Tuesday 26 April 2011

Parking Lots


Mind must make up a story. But hard to focus with Adele playing and the coffee and the people sitting around.

Wasn't I meant to meet them for dinner? But I had been drinking champagne at the races. I was there with the French girl. Decked out in a silver chain, and white shoes, and a black shirt. I drunk, and smoked, and feigned interest. The horses ran round and round in the dust.

I couldn't face tallking to her, because what was she really, but a stranger?  Hanging on to Bob as we sped along the burnt road.

Stepped off the bike and there she was. Feeble with her walking stick in the middle of the desert. Dusk with the sea spread out around. The hotel pillars. The orange clouds.

What did we talk of?

Books.

Yes she was interested in books.

Came to me from nowhere in the conservatory this morning.

I think it was the butterfly floating around the roof that did it. It kept on humming and flapping and fidgeting, even though I had opened the window.

And then Gran said that about the cardboard on the glass, and Elizabeth sending her the butterflies "for the conservatory".

But it seemed funny to be sitting there.

And to think that a few months ago I was standing in front of the children.

...

S in my face shouting that I was picking on her. Crying and screaming and stomping and yelling, while I thought "This is not right, this is not right"
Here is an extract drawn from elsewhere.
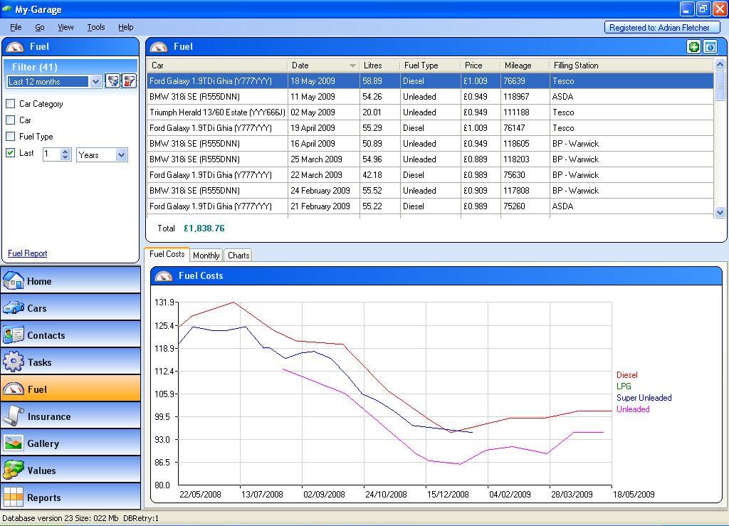 Use the filter on the left hand side to limit thos to fuel types / cars / dates etc.
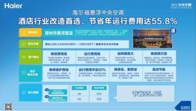 智慧節(jié)能 省電一半 原有空調體驗影響了酒店口碑,海爾通過改造方案實現(xiàn)了“雙贏”。原有機組為溴化鋰機組,已運行10年,效率衰減、噪音刺耳,故障頻發(fā)、維保費用高昂。海爾采用水冷磁懸浮機組進行改造,實現(xiàn)2%-100%無極變頻調節(jié),根據(jù)負荷變化調整冷量輸出。通過智能化機房管理,方便快捷、故障預警。既為酒店客人帶去安靜舒適的空調體驗,又為酒店運營方降低能耗,省電一半。 在體驗現(xiàn)場,用戶直觀感受到海爾磁懸浮機組的長效穩(wěn)定可靠。機組上方,1元硬幣立在紙牌塔尖屹立不倒。在講解人員手中,噪音分貝儀顯示數(shù)值為69,正常交流無障礙。在海爾E+物聯(lián)網(wǎng)磁懸浮空調的管理頁面上,嘉賓們看到,各項數(shù)據(jù)每隔6s自動記錄,機組運行狀態(tài)、能耗曲線及數(shù)據(jù)分析,都有不同界面進行云數(shù)據(jù)統(tǒng)計。 “提到磁懸浮,我們第一個想到的就是海爾!痹隗w驗結束后的交流討論中,有用戶表示,對噪音震動等可視化體驗印象深刻。在中央空調的選購過程中,尤為看中初期投資和運行費用,特別是節(jié)能運行。以海爾磁懸浮中央空調為核心的智慧節(jié)能解決方案,省電一半,既解決了節(jié)能降耗的難題,又通過智慧管理升級用戶體驗。

But they put so much effort into their work, and all they wanted was their teacher to acknowledge that they had. But the pile was so big.

That little dark office and that awful train.

Leaving it all just sitting there like I'd died.

I did care about them. Their little personalities. And some of  them were so good. Just to abandon them, to  abandon it all like that. And now to be here, drinking coffee. It just doesn't seem right somehow.

It was the Year 9's that did it. That girl shouting out " I don't fancy HIM".

Reading that damn book, just reading - because while I read, they were quiet. Losing track of how many names I'd written, sending out at random.

Malicious faces looking up at me, glowing like malevolent elves from some obscure horror film.

And then that office with all the paraphernalia on the walls

"Best teacher" - "Dear Miss C, thanks for making me love English".

Sitting there like a judge, this woman who I used to like, with her demands.

I was going to fail. She wanted this, and she wanted that and all I wanted was to sleep.

But no, this couldn't, this simply couldn't go on.
...

It was snowing outside and I was doing acrostics with my favourite class. They were so good, so proud to read out their little poems. After they read it they would wait and look up, slightly apprehensive...And I'd say "Brilliant! That was really lovely".

The room felt peaceful with the warm radiator, and the large windows, and the floating white flakes. They were all thinking of  Christmas, and presents, and warm fires.

Everything existed in that moment.

Something jars. An odd feeling. "Yes, you've won". Now I'm free.

But what did I lose?
...

The hearing impaired classroom assistant (tall, long black hair, wrinkled, slight lisp) came  to me after each Of Mice and Men lesson. Her mother was ill so she went to Australia. She was worried about Jacob, but he was lazy, and there was nothing she could do.